How exactly do you unwrap a mule? Or a donkey for that matter. The reason I aslk is because of the tail and forelock. They dont have the same mane and tail as a horse.

I want to shave her as she is starting to pull her hair out and its getting clumpy. At first I thought it was the horses or goats doing it but I have now seen her lol.

So I want to give her a bath and then start to shave her. Help with the forelock area and tail please!

If you could, would you post a picture?

Thanks so much.

Also I would be willing to pay someone to come here and do it and teach me!


----------



## Bonny (Mar 20, 2009)

Well I decided the best way to start to get all that long hair off was to cut it with scissors. That way when I give her a bath the dirt will be able to come off and she will dry faster.

Then I can use clippers to finish.

So far I am done with the scissor job. Gosh she looks so different! I like this sleek looking Molly!

Before:







Now:


----------



## Emily's mom (Mar 21, 2009)

Wow! what a difference, I bet she feels much better. I am tempted to shave mine this summer because they are only shed out fully for about a month, before the woolies start in again.


----------



## Celtic Hill Farm (Mar 21, 2009)

I'll probally shave the girls when it gets a little warmer. I like to body clipp them so that' Aura gets a nice Red Coat. and they are ready to go to shows.


----------



## Bonny (Mar 21, 2009)

Well things are going well.

I bathed her and dried her and that went fine. But the brand new animal clippers will not cut her hair.!?

I have a friend that knows someone with sheep clippers. We may try those.

Mollys fur is just so fine it will not cut with clippers.

Ian, what kind do you use on the donkeys?


----------



## minimule (Mar 23, 2009)

I either roach the mane completely off (looks nice and clean) or cut the mane all one length.

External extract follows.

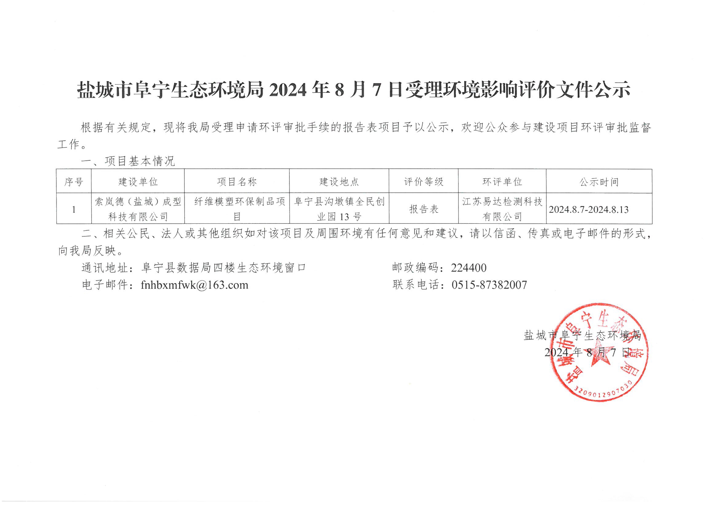 盐城市阜宁生态环境局2024年8月7日受理环境影响评价文件公示

I have left the mane alone and combed it over too. The tail I shave right off to the base like a horses tail. They don't leave the "v" like on horses.

I use the big shears, kind of like sheep shears, to do the first clip of the year.

This is Sunny showing you a trimmed mane. I don't have a good pic of a roached off mane though.


----------



## Celtic Hill Farm (Mar 23, 2009)

Holly, I think i have the Oster Professional Equine Finishing Clipper, i dont really think there made for body clipping, but i have body clipped two donkeys and a mini horse with them, and they held up really good....oh did i mention they are over 17 years old? yea, there really old. My next pair of clippers are going to be the Double K Clipper from Starlake.


----------